Dennis Kögel
2013-Jun-19 13:01 UTC
Weird I/O hangs (9.1R, arcsas, interrupt spikes on uhci0)
Hi, very periodically, we see I/O hangs for about 10 seconds, roughly once per minute. Each time this happens, the I/O rate simply drops to zero, and all disk access hangs; this is also very noticeable on the shell, for NFS clients etc. Everything else (networking, kernel, ?) seems to continue normally. Environment: FreeBSD 9.1R GENERIC on amd64, using ZFS, on a ARC1320 PCIe with 24x Seagate ST33000650SS (3rd party arcsas.ko driver).
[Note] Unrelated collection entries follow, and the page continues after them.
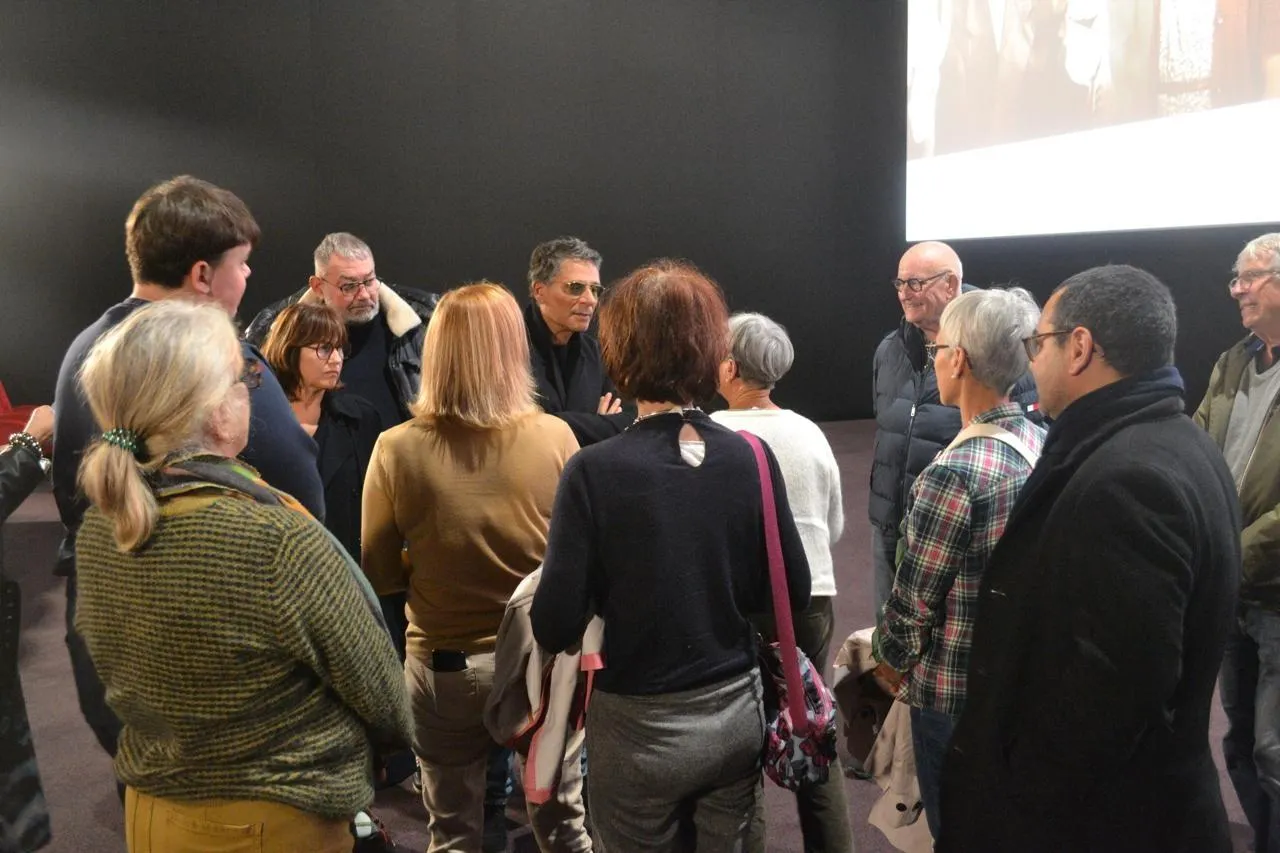 Pascal Elbé, ici au milieu de la photo, a été entouré par plusieurs spectateurs qui souhaitaient le féliciter et prendre une photo avec lui après le débat. © Ouest-France
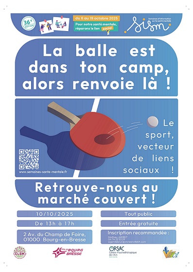 Dans le cadre des semaines d’information sur la santé mentale (SISM) du 6 au 19 octobre 2025, le CIO de Bourg en Bresse propose un atelier, dans ses locaux, au 34 avenue Général Delestraint à Bourg en Bresse le mercredi 15 octobre 2025 avec une Psychologue de l’Éducation Nationale.
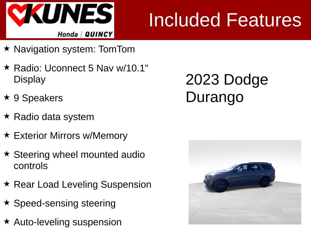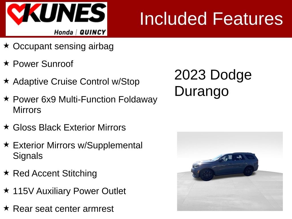 CARFAX One-Owner. Clean CARFAX. Destroyer Gray Clearcoat 2023 Dodge Durango R/T Plus AWD 8-Speed Automatic HEMI 5.7L V8 Multi Displacement VVT NAVIGATION, HEATED/COOLED SEATS, ADAPTIVE CRUISE, HEATED SEATS, PANORAMIC MOONROOF, MOON ROOF, REMOTE START, BACKUP CAMERA, SIRIUSXM RADIO, REAR PARK ASSIST, BLUETOOTH, SMARTPHONE APP ENABLED, APPLE CAR PLAY/ ANDROID AUTO, AWD, 115V Auxiliary Power Outlet, 7 & 4 Pin Wiring Harness, 9 Speakers, Adaptive Cruise Control w/Stop, Auto-leveling suspension, Black Roof Rails, Class IV Receiver Hitch, Exterior Mirrors w/Memory, Exterior Mirrors w/Supplemental Signals, Floor Console w/Leather Armrest, Front Center Armrest w/Storage, Front reading lights, Gloss Black Exterior Mirrors, Integrated Roof Rail Crossbars, Navigation system: TomTom, Occupant sensing airbag, Passenger door bin, Power 6x9 Multi-Function Foldaway Mirrors, Power 8-Way Driver Memory 8-Way Passenger Seats, Power Sunroof, Radio data system, Radio: Uconnect 5 Nav w/10.1" Display, Rain sensing wipers, Rear Load Leveling Suspension, Rear reading lights, Rear seat center armrest, Rear window wiper, Red Accent Stitching, Speed-sensing steering, Split folding rear seat, Sport steering wheel, Steering wheel mounted audio controls, Tachometer, Telescoping steering wheel, Trailer Brake Control, Variably intermittent wipers, Voltmeter, Wheels: 20" x 8.0" Black Noise Aluminum.

It's easy to observe these hangs under write load, e.g. with 'zpool iostat 1': void 22.4T 42.6T 34 2.73K 1.07M 293M void 22.4T 42.6T 20 2.74K 623K 289M void 22.4T 42.6T 144 2.62K 4.83M 279M void 22.4T 42.6T 13 2.60K 437K 283M void 22.4T 42.6T 0 0 0 0 <-- hang starts void 22.4T 42.6T 0 0 0 0 void 22.4T 42.6T 0 0 0 0 void 22.4T 42.6T 0 0 0 0 void 22.4T 42.6T 0 0 0 0 void 22.4T 42.6T 0 0 0 0 void 22.4T 42.6T 0 0 0 0 void 22.4T 42.6T 0 0 0 0 void 22.4T 42.6T 0 296 4.00K 34.2M <-- hang ends void 22.4T 42.6T 2 2.64K 73.8K 288M void 22.4T 42.6T 8 3.12K 278K 329M Each time this happens, there is a completely unexplained spike of interrupts on uhci0: 'systat -vm' then displays numbers around 270k. # vmstat -i | grep -E '(arcsas|uhci0|Total)' irq16: uhci0 1227020890 67708 irq24: arcsas0 12045211 664 Total 1266417827 69882 Things to note: - Booting an USB-less kernel or disabling all USB in the BIOS doesn't change a thing (no interrupt spikes to be seen, but the hangs remain) - The hangs / interrupt spikes happen just as often when the system is idle - Board is a Supermicro x8dth - There's two igb cards - Root is ZFS as well (separate pool though) - BIOS, Areca FW and driver already are latest versions - Putting the controller to a different slot doesn't change the behaviour - We have two identical systems and both show the exact same symptoms, so flaky hardware is probably not the issue Any ideas would be appreciated. Thanks, D.
Ronald Klop
2013-Jun-19 13:28 UTC
Weird I/O hangs (9.1R, arcsas, interrupt spikes on uhci0)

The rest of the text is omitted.